*** Opening of INPUT DATA ***

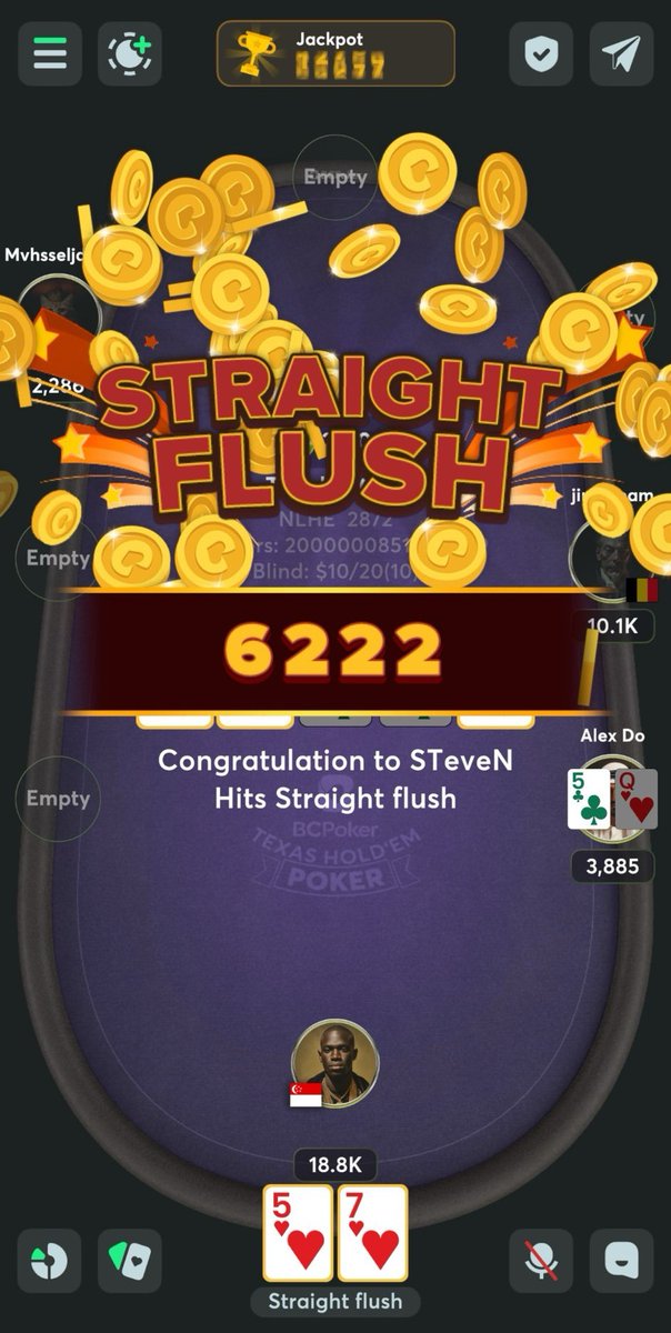 A lucky player got the biggest jackpot ever! Player STeveN in 10/20 using 57♥ get a Straight flush! And earned $6222! Come and play, you will be next lucky winner! https://t.co/p2xhgs9oNE https://pbs.twimg.com/media/GjqvKqfaUAAzpwl.jpg Best Regards, BCPoker! 💚 Title: 🔥 BC Poker - Your Ultimate Poker Playground! Post by: BcPoker on February 17, 2025, 02:25:53 AM I don't want to say that
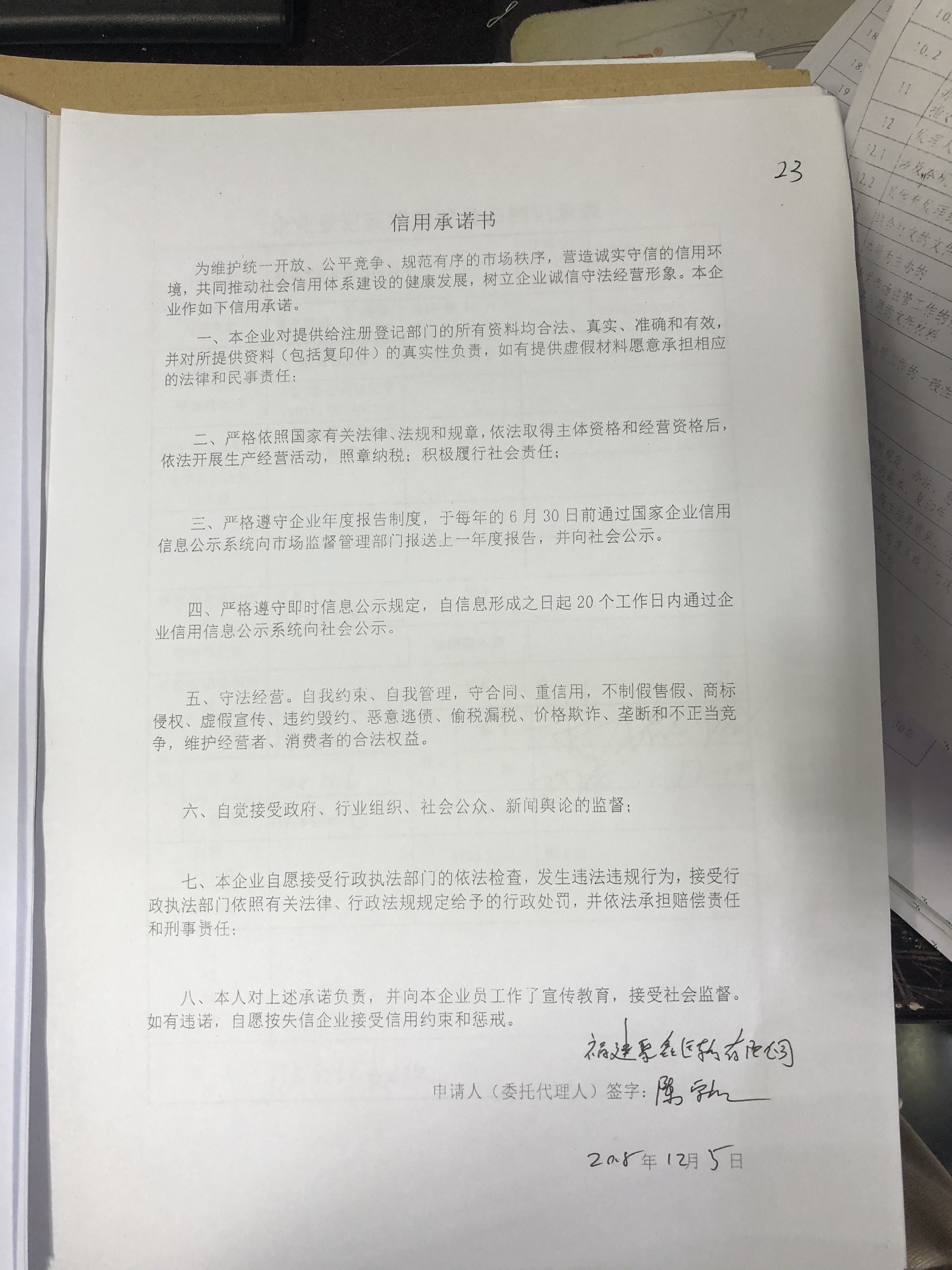 仓山区:福建聚鑫运输有限公司信用承诺书
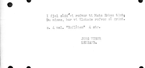 //// I fjol sådd'vi rofvor ti Mats Erkes t ont; //// Du minns? kur vi älskade rofvor så gromt. //// s. 4 nel. "Rofiåten^ 4 str. //// JOBS VISOR //// LEKSAND. ////
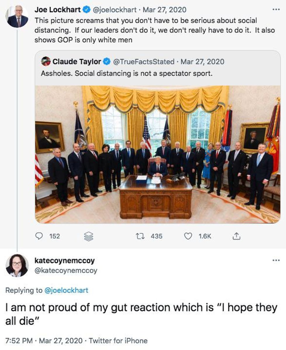 Last March, Coyne-McCoy responded to a picture that included then-President Donald Trump, members of his Cabinet, top congressional Republicans, and Dr. Anthony Fauci, among others, by saying her "gut reaction" to the photo is that hoped each person in the photo dies.
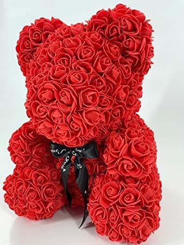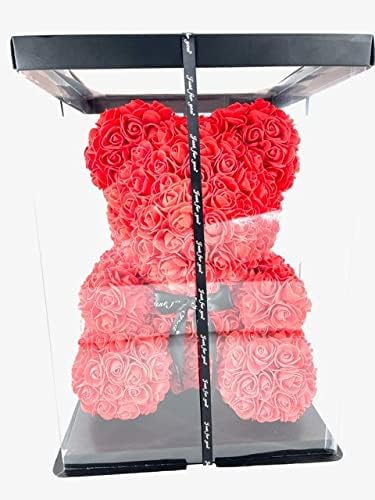 About this item The gift box seals the deal and makes this gift even MORE perfect. The crystal clear, window-like box holds the Hugs bear in a very presentable way for that special someone. Hugs handmade, life-like, artificial flowers are destined to amaze your significant other. Our premium rose bear is great for Girlfriends, Anniversaries, Birthdays, Weddings, Valentine's day, and gender reveals. Most sellers have the 10 inch bear, Hugs has the big 16 inch rose bear also. Hugs Rose Bears will always be the center of attention and the only thing everyone will be talking about. It's unique, it's beautiful, and it will last forever.
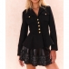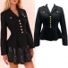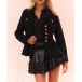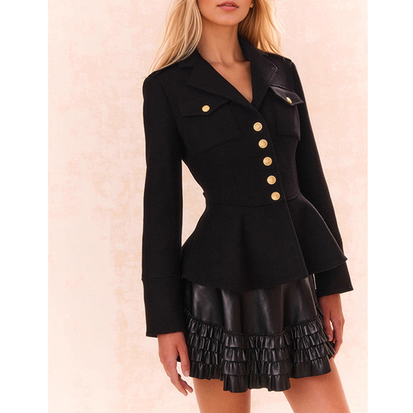 Vintage Notch Lapel Long Sleeve Front Button Ruffle Hemline Jacket
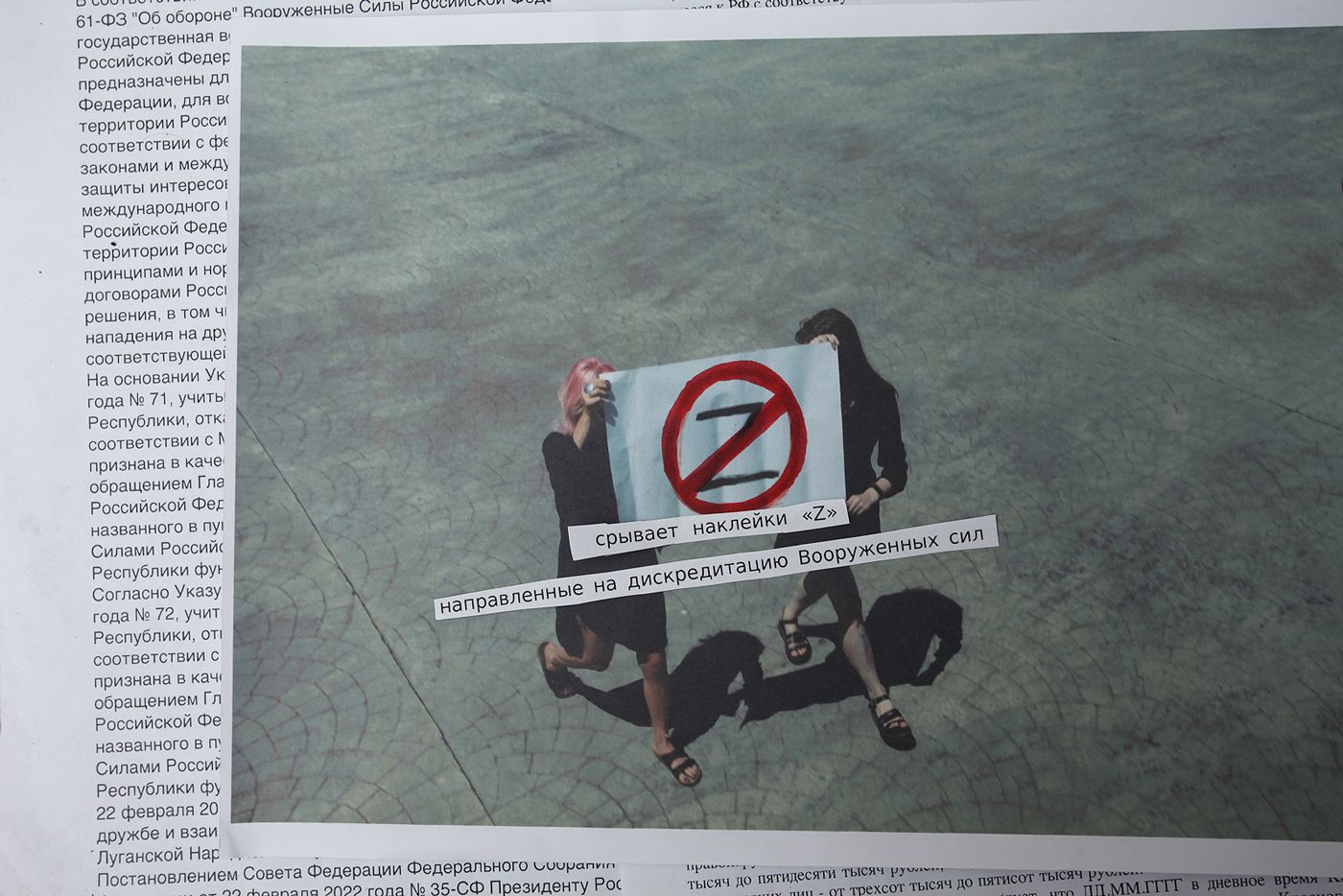 В этом материале «Медуза» рассказывает о примерах антивоенного протеста россиян, признанных виновными по этой статье, — а фотограф Volya переосмысляет их акции и жесты в своих работах.

*** Close of INPUT DATA ***

Reproduce word for word, with pictures dropped, only the part of the material above that opens with the line containing "VISOR //// LEKSAND. ////" and closes with the line containing "Last March, Coyne-McCoy".

**ANSWER FOR THIS EXERCISE:**
 //// I fjol sådd'vi rofvor ti Mats Erkes t ont; //// Du minns? kur vi älskade rofvor så gromt. //// s. 4 nel. "Rofiåten^ 4 str. //// JOBS VISOR //// LEKSAND. ////
 Last March, Coyne-McCoy responded to a picture that included then-President Donald Trump, members of his Cabinet, top congressional Republicans, and Dr. Anthony Fauci, among others, by saying her "gut reaction" to the photo is that hoped each person in the photo dies.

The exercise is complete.